While there have been a number of calls for the replacement of the current marking scheme with a rebate scheme, a change of this nature would impact on a wide range of users, would be costly to implement and would, itself, be at risk from fraud. Marked gas oil has a variety of uses including the propulsion of trains, the operation of agricultural, construction and industrial machinery, commercial sea-navigation (including fishing) and commercial and home heating purposes. A change to a rebate system for all users would involve the establishment of an expensive repayments system and place a new administrative burden on oil traders, users and the Revenue Commissioners. It would also impose significant cashflow costs for those currently using marked gas oil. Also, repayment schemes are vulnerable to abuse and the introduction of a wide-ranging scheme such as that proposed would not necessarily offer greater security against fraud than the current arrangements.

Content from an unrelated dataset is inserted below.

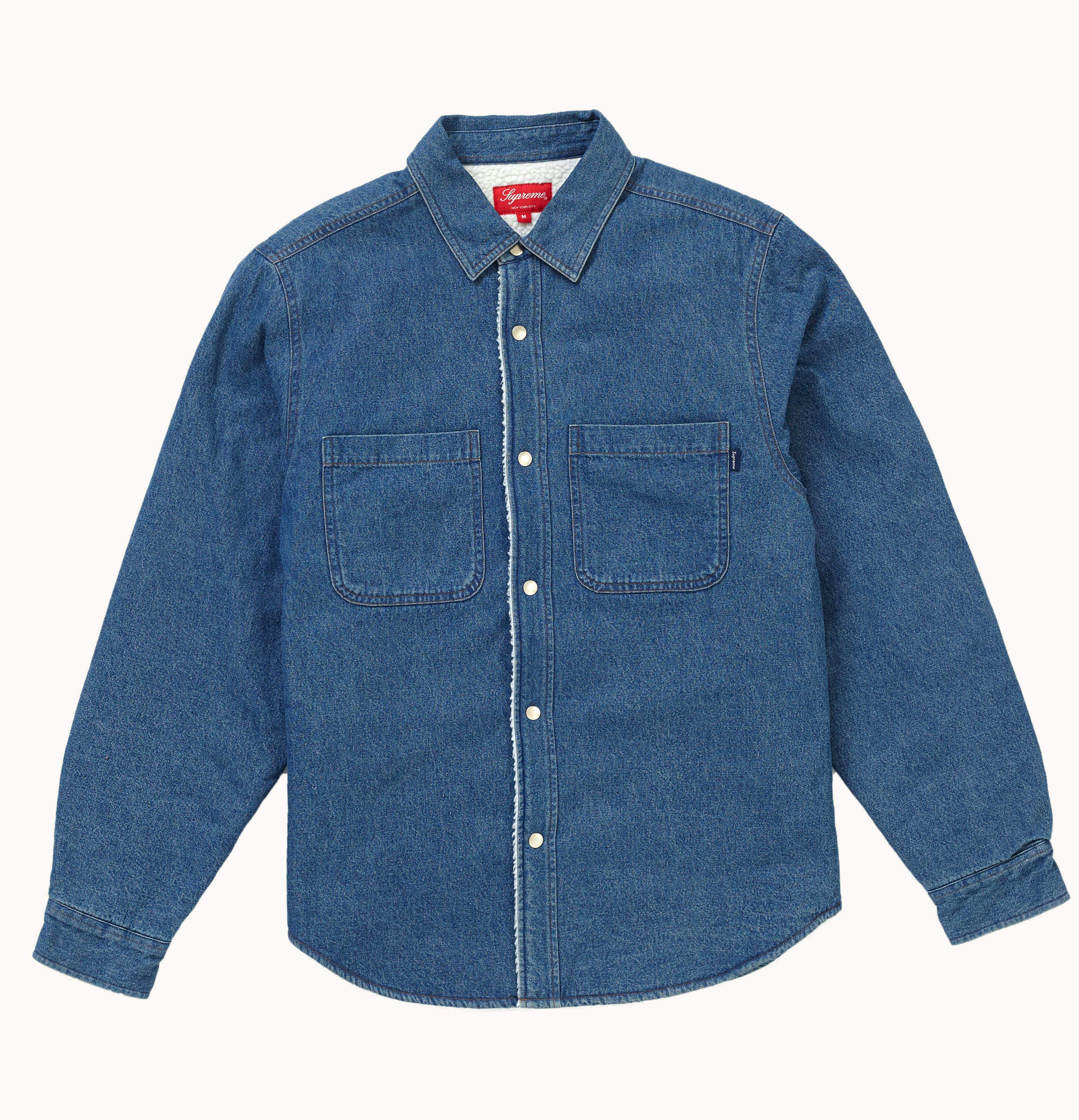 The Supreme Sherpa Lined Denim is a premium jacket that combines style and practicality. The exterior of the jacket is made from high-quality denim, providing a rugged and durable fabric for everyday wear. The interior of the jacket is lined with warm and comfortable sherpa, creating a cozy and insulated layer of warmth. The jacket features a button-front closure and two chest pockets, as well as two hand pockets, making it a functional and versatile addition to any wardrobe. The classic denim style is accentuated by the contrasting sherpa lining, which adds an element of style to this practical piece. Perfect for chilly days or as a layering piece, the Supreme Sherpa Lined Denim jacket is a must-have for anyone looking for a stylish and comfortable jacket that can stand up to the elements.
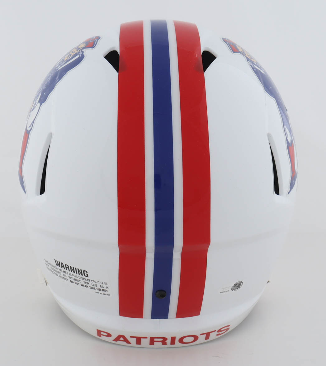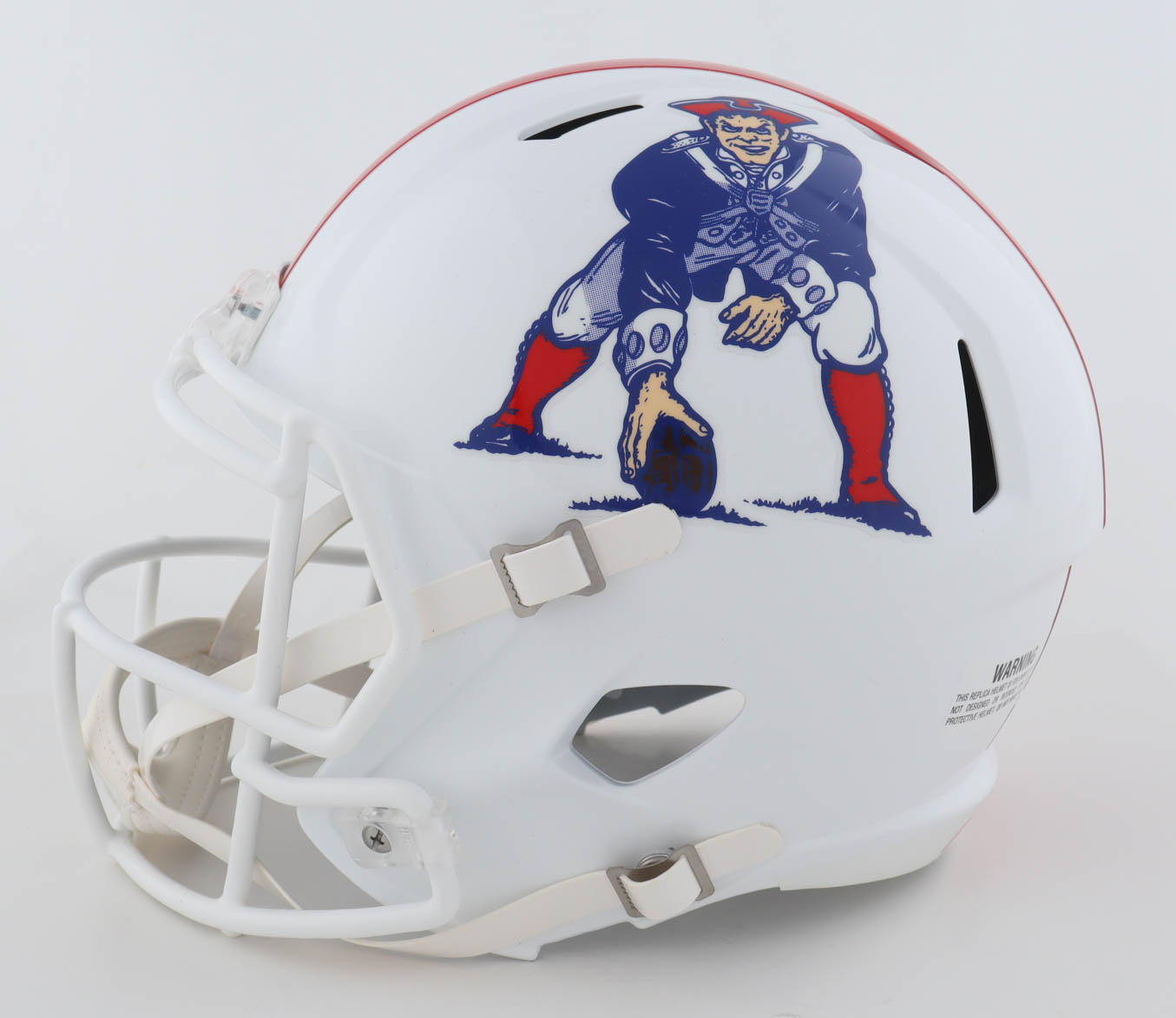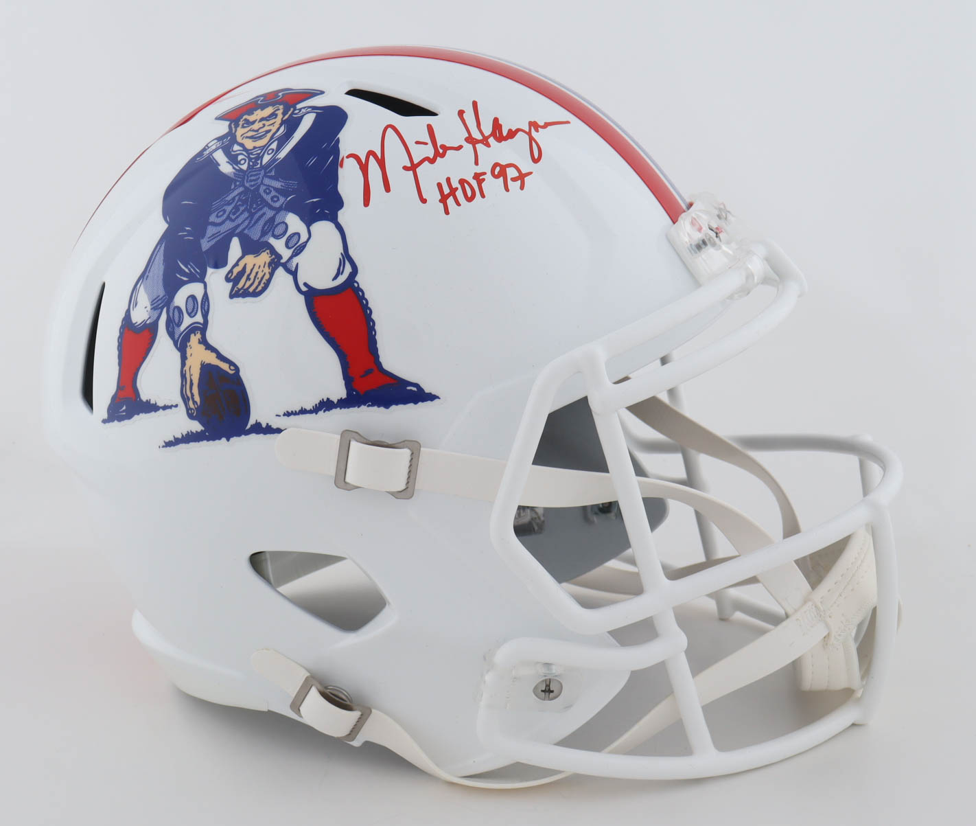 Riddell New England Patriots Full-Size Throwback Speed Replica helmet. Hand-signed and inscribed by Mike Haynes (HOF).

It has been suggested recently that huge savings could be made by moving from the current system of marking rebated fuel to one based on making repayments to those users that currently use marked fuel. This seems to be based on the erroneous view that adding the prescribed markers to rebated fuel is exceptionally costly and is borne by the Exchequer. This is not the case; the cost of the markers is negligible and is borne by the industry. The cost to the Exchequer of marked fuel is the tax foregone and an alternative system based on direct repayments to users would not produce any savings for the Exchequer and might be more costly if the incidence of fraud were greater. If the fuel for off-road use was not marked under the new system, it could be diverted easily to road use; if it was marked it could be laundered as at present. It would also be the case that marked fuel from Northern Ireland would continue to be available and could be laundered by fuel criminals based in Border areas.

For these reasons, I am not proposing any change to the existing scheme. I strongly support the current strategy bring implemented by Revenue and am confident that it will succeed with the co-operation and support of the legitimate trade. I am informed by the Revenue Commissioners that the industry has worked very closely with them in developing and implementing their strategy. Revenue regularly reminds motorists and the public generally that, in addition to its impact on the Exchequer and legitimate trade, they should be aware of the risks posed to their vehicles by using laundered fuel and the fact that sourcing fuel in this way is funding criminal activity. The legitimate retail trade can also contribute to closing down this illegitimate trade by providing information on the outlets that are selling laundered diesel. Revenue chairs the Hidden Economy Monitoring Group (HEMG) and has established regional sub-groups of the HEMG to facilitate the reporting of information by traders through their representative associations. Retailers who suspect or have evidence that laundered diesel is being sold in their area should report this through their representative associations to the Revenue. Such reports are treated as confidential and are fully investigated by Revenue.

Question No. 112 answered with Question No. 103.
Question No. 113 answered with Question No. 95.
Question No. 114 answered with Question No. 88.